Proof of the independence of the machine learning process comes from grouping together of current and former smokers in the model. We previously found that former-smokers are distinct from current smokers and have similar survival to non-smokers.^47^ Additionally, though eventually dropped from the parsimonious model, the selected cut-points for BMI are around 25 and 30; these are the standard thresholds for being overweight and obese. Interestingly, these are not the thresholds we found when we previously studied BMI^48^ as an independent variable.
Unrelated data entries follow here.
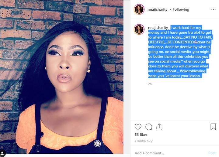The actress who revealed that she works hard for her money and have gone through a lot to get to where she is now, told her fans that they might be better than the celebrities they see on social media. Nnaji Charity who called out Okoro Blessing, wrote;
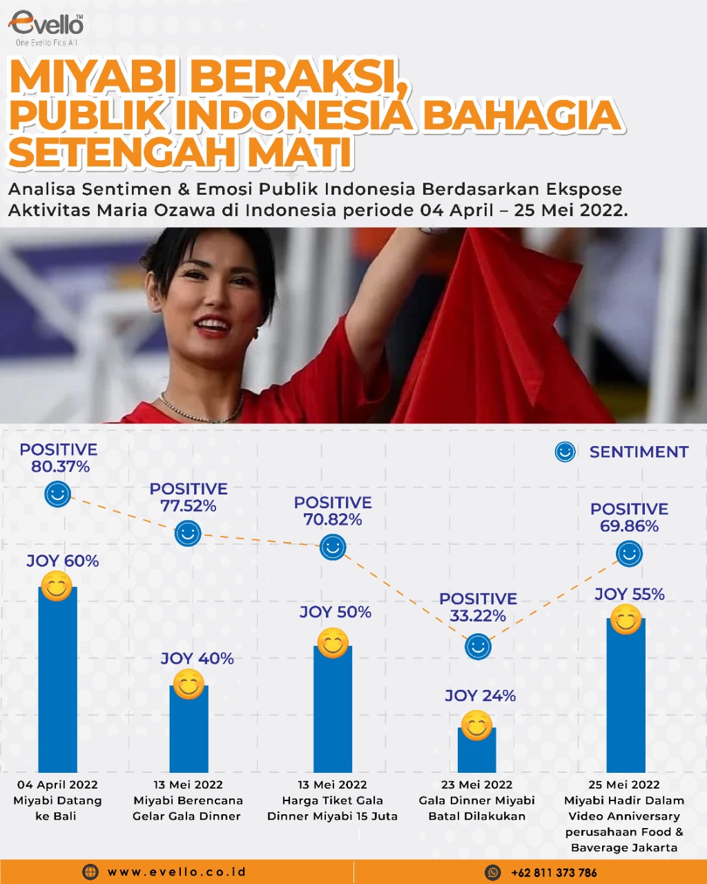 Dimana ada Miyabi, disitu ada kegembiraan. Demikian kesimpulan Evello dalam pantauan terhadap mantan bintang porno asal Jepang, Maria Ozawa alias Miyabi. Latar belakangnya sebagai artis
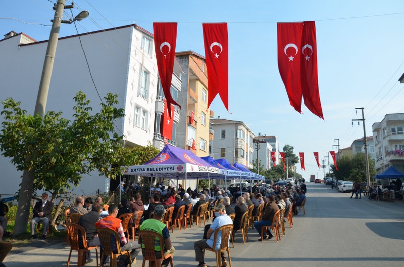 Bafralı şehit Uzman Onbaşı Mutlu Can Meşeci için baba evi önünde mevlidi şerif programı düzenlendi.

The concordance of our machine learning defined cut-points and standard threshold for BMI and discordance with our own previously published thresholds demonstrates the validity of our method and independence of the machine learning process from external influence.
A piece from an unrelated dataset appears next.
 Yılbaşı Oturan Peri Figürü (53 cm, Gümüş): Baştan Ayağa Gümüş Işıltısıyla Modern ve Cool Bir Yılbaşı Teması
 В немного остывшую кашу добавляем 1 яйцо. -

The current analysis is the first to show that SIRI significantly increases with increasing financial toxicity (Figure 3.) The significant association of SIRI and FT was maintained after multiple linear regression. An abstract with 65 prostate cancer patients found a significant correlation between baseline tumor necrosis factor alpha and FT.^49^ Stress hormones are generally thought to inhibit tumor necrosis factor alpha, but the effects of chronic stress may be contradictory, leaving the overall effect unclear.^50^
On multiple linear regression analysis, in addition to FT, older age (p<0.002), white race (p<0.001), and treatment variables (RT only (p=0.010), surgery/RT (p<0.001) versus CCRT) were associated with significantly higher SIRI scores on average. Increased SIRI with demographic variables is consistent with several studies. Rundle et al. in a study of patients with benign finding on prostate biopsy, found that the ratios which combine to form SIRI were significantly elevated in white race control patients compared to those who went on to develop prostate cancer; case/control differences were not seen in black patients.^51^ Older patients tend to have increased inflammation^52^ characterized by increasing neutrophil counts and decreasing lymphocyte counts which would produce a higher SIRI. In contrast to our findings, in a non-cancer population, other studies have found that females have higher neutrophil to lymphocyte ratios than men.^53^ This finding is decreased by the effect of ageing.^54^ If eventually validated, a biomarker of FT may illuminate, and assist in evaluating, future mitigation strategies.
Development and validation of the parsimonious 3 variable decision tree has multiple implications for improved treatment selection in HNC. Current guidelines offer a multitude of standard of care methods to both escalate (addition of immunotherapy, induction chemotherapy, surgery, novel therapies) and de-escalate (reduced radiation dose or duration) the intensity and duration of curative therapy.^33^ However, perhaps due to improper risk stratification, none of these alternatives have shown an overall survival benefit. Moreover, future studies may attempt to modulate SIRI pre-treatment to improve outcome.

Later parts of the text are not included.